### What needs to be done:
Give back only the lines in the records below from the one with "Geanta fabricata din" to the one with "キク科オオタビラコ属 林間広場から青麻道に抜ける杉林の遊歩道で出合いました。花が少ないこの季節、愛おしさを感じます。 |", both inclusive, word for word.

### Supplied records:
--------------------------------
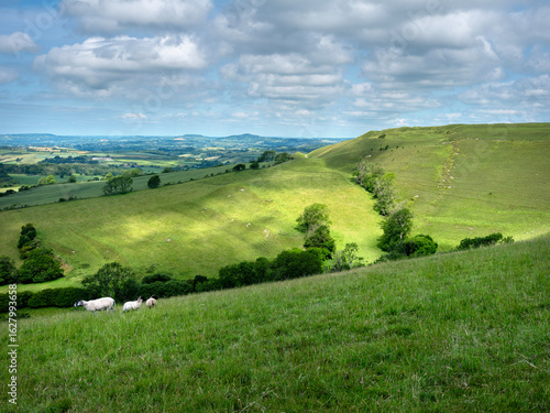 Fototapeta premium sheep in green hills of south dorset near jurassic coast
--------------------------------
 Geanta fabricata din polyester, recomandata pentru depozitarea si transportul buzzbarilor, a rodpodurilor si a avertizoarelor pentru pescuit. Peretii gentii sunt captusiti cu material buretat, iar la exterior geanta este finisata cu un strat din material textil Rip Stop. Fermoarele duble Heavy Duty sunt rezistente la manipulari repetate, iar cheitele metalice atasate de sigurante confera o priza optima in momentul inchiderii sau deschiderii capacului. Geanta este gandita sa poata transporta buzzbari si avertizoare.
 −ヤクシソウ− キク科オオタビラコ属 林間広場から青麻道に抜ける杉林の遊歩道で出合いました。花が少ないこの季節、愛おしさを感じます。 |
--------------------------------
### Output for this exercise:
 Geanta fabricata din polyester, recomandata pentru depozitarea si transportul buzzbarilor, a rodpodurilor si a avertizoarelor pentru pescuit. Peretii gentii sunt captusiti cu material buretat, iar la exterior geanta este finisata cu un strat din material textil Rip Stop. Fermoarele duble Heavy Duty sunt rezistente la manipulari repetate, iar cheitele metalice atasate de sigurante confera o priza optima in momentul inchiderii sau deschiderii capacului. Geanta este gandita sa poata transporta buzzbari si avertizoare.
 −ヤクシソウ− キク科オオタビラコ属 林間広場から青麻道に抜ける杉林の遊歩道で出合いました。花が少ないこの季節、愛おしさを感じます。 |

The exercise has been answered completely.